- Brief -
Your answer should be the full data, transcribed exactly, with no pictures in it.

- Collected material -
—————
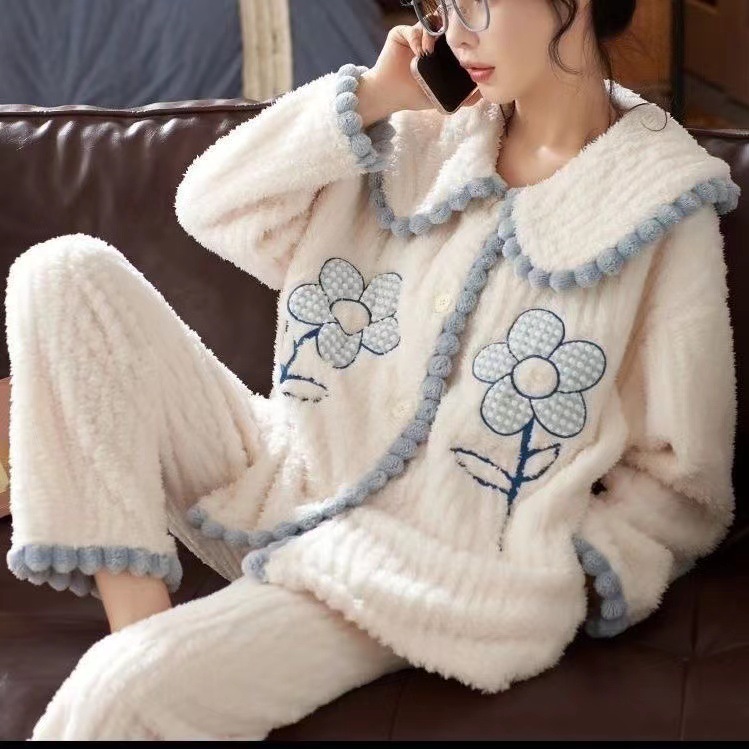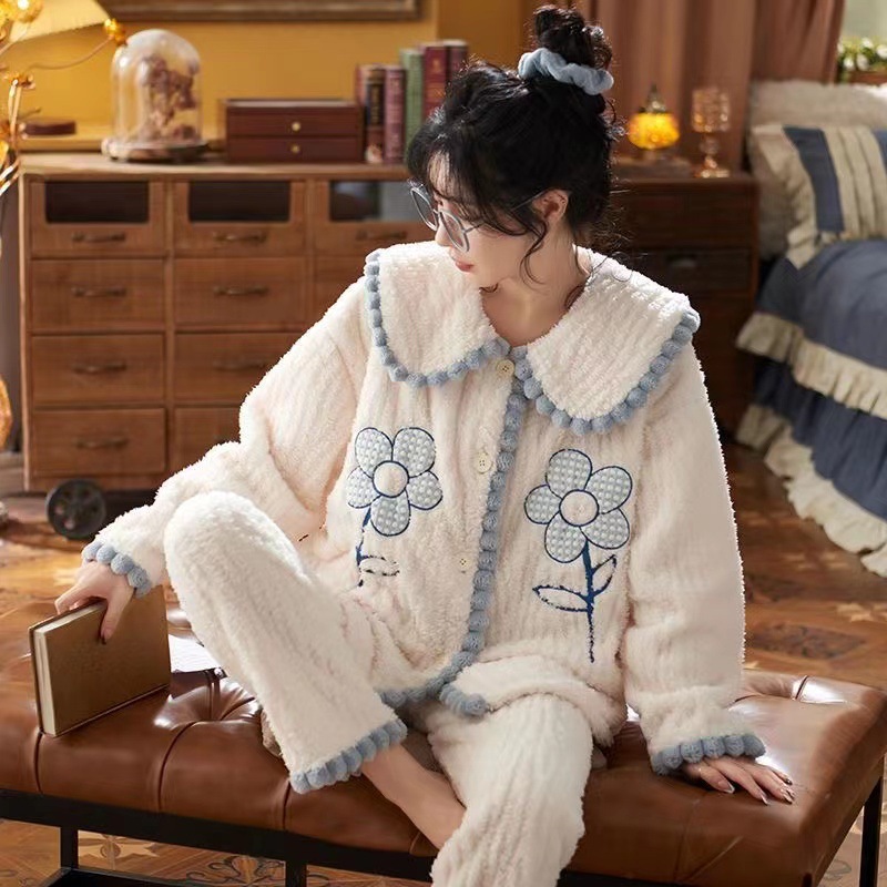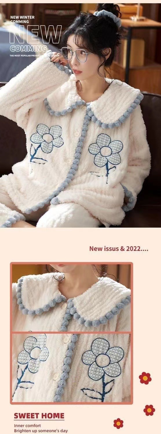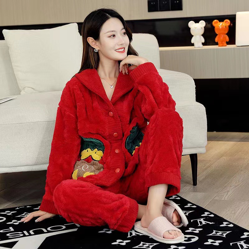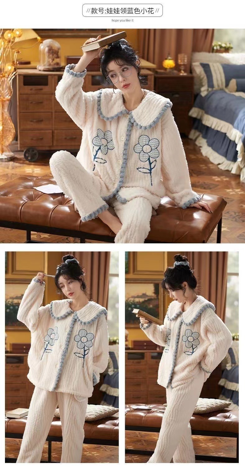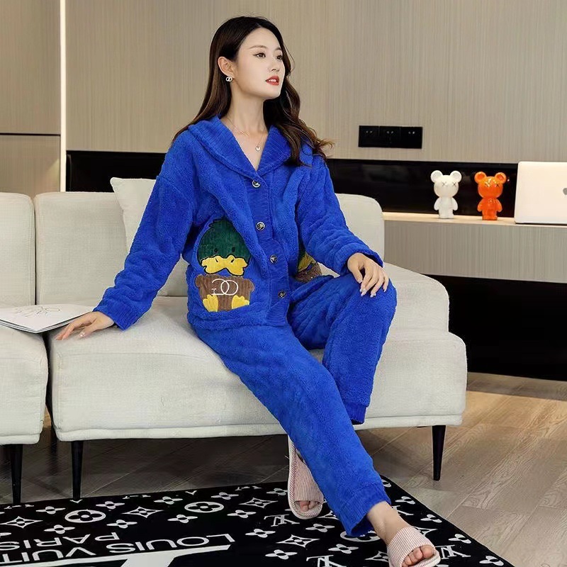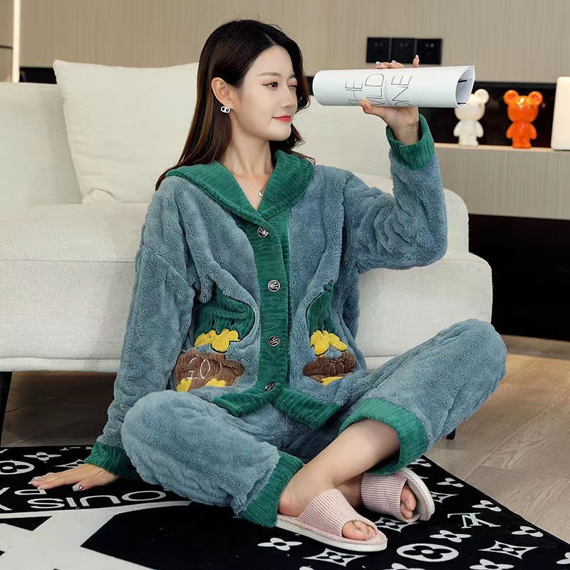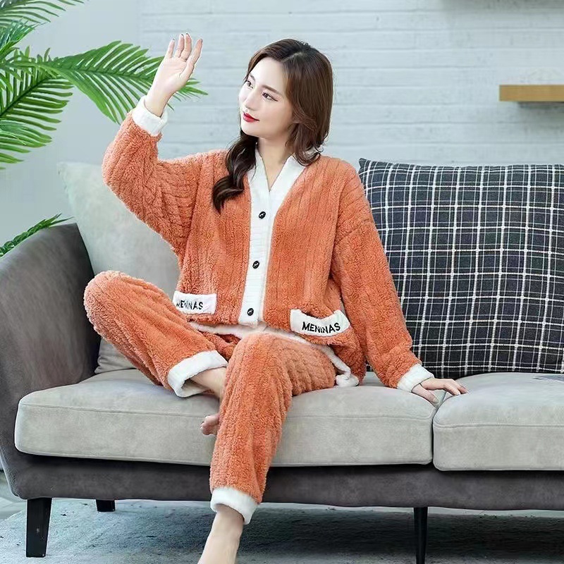 2023 새로운 산호 양털 잠옷 V-넥 가정 옷 세트 입고 봉제 따뜻한 잠옷 세트
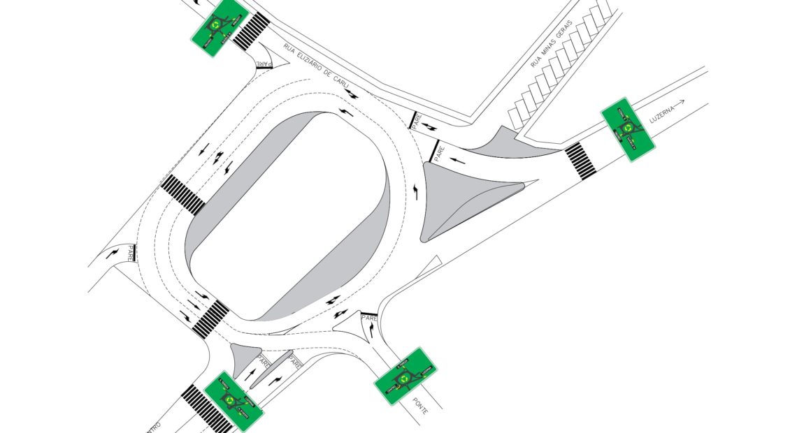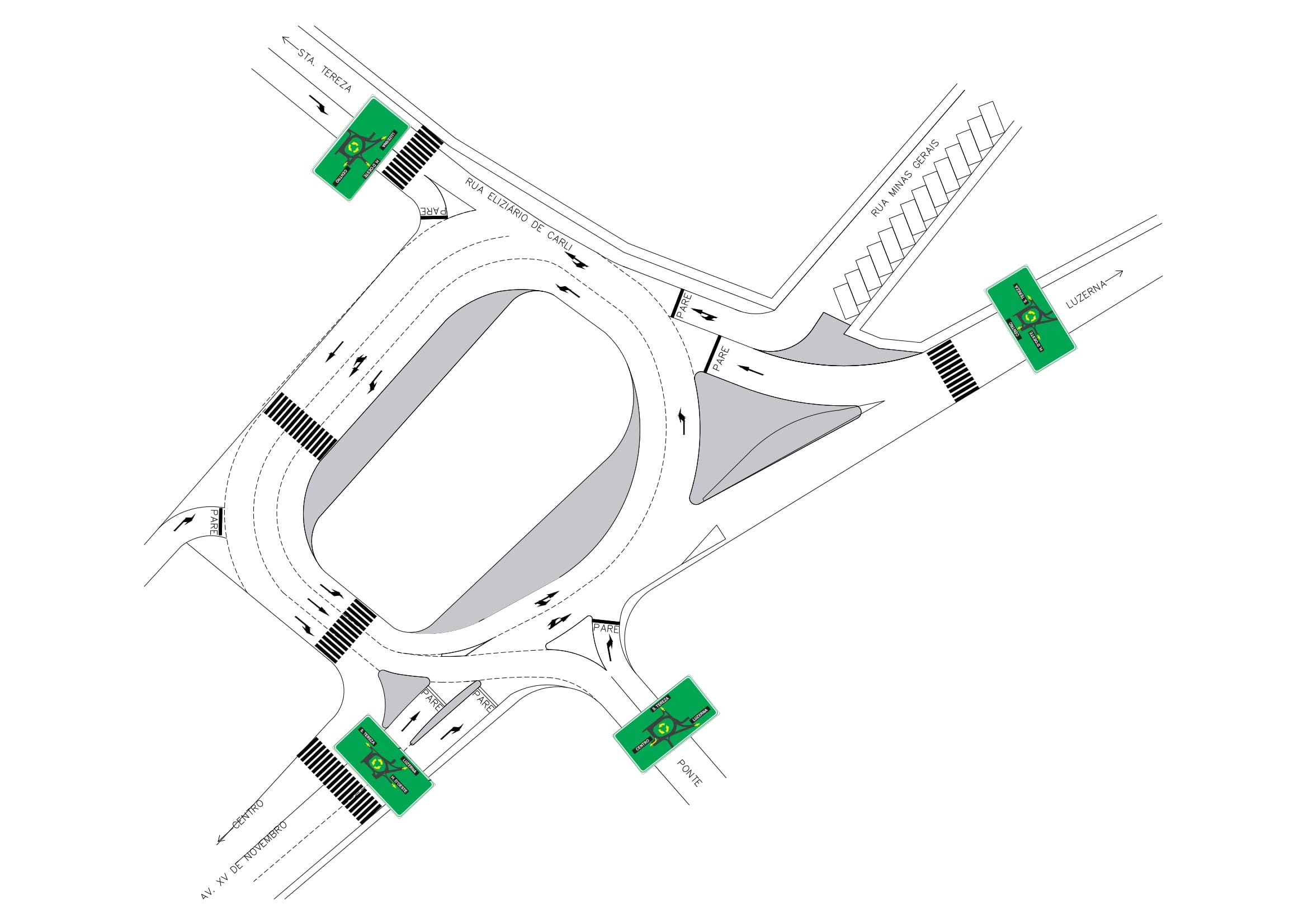 Quem vem da ponte, após dar a preferência para quem está na rotatória, obrigatoriamente, deverá pegar a direita para escolher o sentido Luzerna, entrar no Bairro Santa Tereza ou para ir ao centro de Joaçaba deverá contornar a praça.
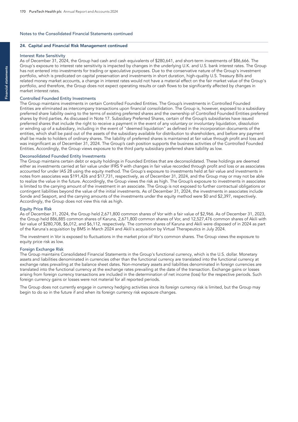 Fi na nc ia l s ta te m en ts 170  PureTech Health plc Annual Report and Accounts 2024 Notes to the Consolidated Financial Statements continued Interest Rate Sensitivity  As of December 31, 2024, the Group had cash and cash equivalents of $280,641, and short-term investments of $86,666. The  Group's exposure to interest rate sensitivity is impacted by changes in the underlying U.K. and U.S. bank interest rates. The Group  has not entered into investments for trading or speculative purposes. Due to the conservative nature of the Group's investment  portfolio, which is predicated on capital preservation and investments in short duration, high-quality U.S. Treasury Bills and  related money market accounts, a change in interest rates would not have a material effect on the fair market value of the Group's  portfolio, and therefore, the Group does not expect operating results or cash flows to be significantly affected by changes in  market interest rates. Controlled Founded Entity Investments The Group maintains investments in certain Controlled Founded Entities. The Group’s investments in Controlled Founded  Entities are eliminated as intercompany transactions upon financial consolidation. The Group is, however, exposed to a subsidiary  preferred share liability owing to the terms of existing preferred shares and the ownership of Controlled Founded Entities preferred  shares by third parties. As discussed in Note 17. Subsidiary Preferred Shares, certain of the Group’s subsidiaries have issued  preferred shares that include the right to receive a payment in the event of any voluntary or involuntary liquidation, dissolution  or winding up of a subsidiary, including in the event of "deemed liquidation" as defined in the incorporation documents of the  entities, which shall be paid out of the assets of the subsidiary available for distribution to shareholders, and before any payment  shall be made to holders of ordinary shares. The liability of preferred shares is maintained at fair value through profit and loss and  was insignificant as of December 31, 2024. The Group’s cash position supports the business activities of the Controlled Founded  Entities. Accordingly, the Group views exposure to the third party subsidiary preferred share liability as low. Deconsolidated Founded Entity Investments The Group maintains certain debt or equity holdings in Founded Entities that are deconsolidated. These holdings are deemed  either as investments carried at fair value under IFRS 9 with changes in fair value recorded through profit and loss or as associates  accounted for under IAS 28 using the equity method. The Group's exposure to investments held at fair value and investments in  notes from associates was $191,426 and $17,731, respectively, as of December 31, 2024, and the Group may or may not be able  to realize the value in the future. Accordingly, the Group views the risk as high. The Group’s exposure to investments in associates  is limited to the carrying amount of the investment in an associate. The Group is not exposed to further contractual obligations or  contingent liabilities beyond the value of the initial investments. As of December 31, 2024, the investments in associates include  Sonde and Seaport, and the carrying amounts of the investments under the equity method were $0 and $2,397, respectively.  Accordingly, the Group does not view this risk as high. Equity Price Risk As of December 31, 2024, the Group held 2,671,800 common shares of Vor with a fair value of $2,966. As of December 31, 2023,  the Group held 886,885 common shares of Karuna, 2,671,800 common shares of Vor, and 12,527,476 common shares of Akili with  fair value of $280,708, $6,012, and $6,112, respectively. The common shares of Karuna and Akili were disposed of in 2024 as part  of the Karuna's acquisition by BMS in March 2024 and Akili's acquisition by Virtual Therapeutics in July 2024.  The investment in Vor is exposed to fluctuations in the market price of Vor's common shares. The Group views the exposure to  equity price risk as low.  Foreign Exchange Risk The Group maintains Consolidated Financial Statements in the Group's functional currency, which is the U.S. dollar. Monetary  assets and liabilities denominated in currencies other than the functional currency are translated into the functional currency at  exchange rates prevailing at the balance sheet dates. Non-monetary assets and liabilities denominated in foreign currencies are  translated into the functional currency at the exchange rates prevailing at the date of the transaction. Exchange gains or losses  arising from foreign currency transactions are included in the determination of net income (loss) for the respective periods. Such  foreign currency gains or losses were not material for all reported periods.  The Group does not currently engage in currency hedging activities since its foreign currency risk is limited, but the Group may  begin to do so in the future if and when its foreign currency risk exposure changes. 24. Capital and Financial Risk Management continued
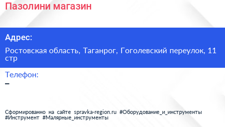 Пазолини, магазин по адресу Ростовская область, Таганрог, Гоголевский переулок, 11 стр в дальнейшем Организация, размещена в следующих категориях:
—————
- Written reply -
 2023 새로운 산호 양털 잠옷 V-넥 가정 옷 세트 입고 봉제 따뜻한 잠옷 세트
 Quem vem da ponte, após dar a preferência para quem está na rotatória, obrigatoriamente, deverá pegar a direita para escolher o sentido Luzerna, entrar no Bairro Santa Tereza ou para ir ao centro de Joaçaba deverá contornar a praça.
 Fi na nc ia l s ta te m en ts 170  PureTech Health plc Annual Report and Accounts 2024 Notes to the Consolidated Financial Statements continued Interest Rate Sensitivity  As of December 31, 2024, the Group had cash and cash equivalents of $280,641, and short-term investments of $86,666. The  Group's exposure to interest rate sensitivity is impacted by changes in the underlying U.K. and U.S. bank interest rates. The Group  has not entered into investments for trading or speculative purposes. Due to the conservative nature of the Group's investment  portfolio, which is predicated on capital preservation and investments in short duration, high-quality U.S. Treasury Bills and  related money market accounts, a change in interest rates would not have a material effect on the fair market value of the Group's  portfolio, and therefore, the Group does not expect operating results or cash flows to be significantly affected by changes in  market interest rates. Controlled Founded Entity Investments The Group maintains investments in certain Controlled Founded Entities. The Group’s investments in Controlled Founded  Entities are eliminated as intercompany transactions upon financial consolidation. The Group is, however, exposed to a subsidiary  preferred share liability owing to the terms of existing preferred shares and the ownership of Controlled Founded Entities preferred  shares by third parties. As discussed in Note 17. Subsidiary Preferred Shares, certain of the Group’s subsidiaries have issued  preferred shares that include the right to receive a payment in the event of any voluntary or involuntary liquidation, dissolution  or winding up of a subsidiary, including in the event of "deemed liquidation" as defined in the incorporation documents of the  entities, which shall be paid out of the assets of the subsidiary available for distribution to shareholders, and before any payment  shall be made to holders of ordinary shares. The liability of preferred shares is maintained at fair value through profit and loss and  was insignificant as of December 31, 2024. The Group’s cash position supports the business activities of the Controlled Founded  Entities. Accordingly, the Group views exposure to the third party subsidiary preferred share liability as low. Deconsolidated Founded Entity Investments The Group maintains certain debt or equity holdings in Founded Entities that are deconsolidated. These holdings are deemed  either as investments carried at fair value under IFRS 9 with changes in fair value recorded through profit and loss or as associates  accounted for under IAS 28 using the equity method. The Group's exposure to investments held at fair value and investments in  notes from associates was $191,426 and $17,731, respectively, as of December 31, 2024, and the Group may or may not be able  to realize the value in the future. Accordingly, the Group views the risk as high. The Group’s exposure to investments in associates  is limited to the carrying amount of the investment in an associate. The Group is not exposed to further contractual obligations or  contingent liabilities beyond the value of the initial investments. As of December 31, 2024, the investments in associates include  Sonde and Seaport, and the carrying amounts of the investments under the equity method were $0 and $2,397, respectively.  Accordingly, the Group does not view this risk as high. Equity Price Risk As of December 31, 2024, the Group held 2,671,800 common shares of Vor with a fair value of $2,966. As of December 31, 2023,  the Group held 886,885 common shares of Karuna, 2,671,800 common shares of Vor, and 12,527,476 common shares of Akili with  fair value of $280,708, $6,012, and $6,112, respectively. The common shares of Karuna and Akili were disposed of in 2024 as part  of the Karuna's acquisition by BMS in March 2024 and Akili's acquisition by Virtual Therapeutics in July 2024.  The investment in Vor is exposed to fluctuations in the market price of Vor's common shares. The Group views the exposure to  equity price risk as low.  Foreign Exchange Risk The Group maintains Consolidated Financial Statements in the Group's functional currency, which is the U.S. dollar. Monetary  assets and liabilities denominated in currencies other than the functional currency are translated into the functional currency at  exchange rates prevailing at the balance sheet dates. Non-monetary assets and liabilities denominated in foreign currencies are  translated into the functional currency at the exchange rates prevailing at the date of the transaction. Exchange gains or losses  arising from foreign currency transactions are included in the determination of net income (loss) for the respective periods. Such  foreign currency gains or losses were not material for all reported periods.  The Group does not currently engage in currency hedging activities since its foreign currency risk is limited, but the Group may  begin to do so in the future if and when its foreign currency risk exposure changes. 24. Capital and Financial Risk Management continued
 Пазолини, магазин по адресу Ростовская область, Таганрог, Гоголевский переулок, 11 стр в дальнейшем Организация, размещена в следующих категориях:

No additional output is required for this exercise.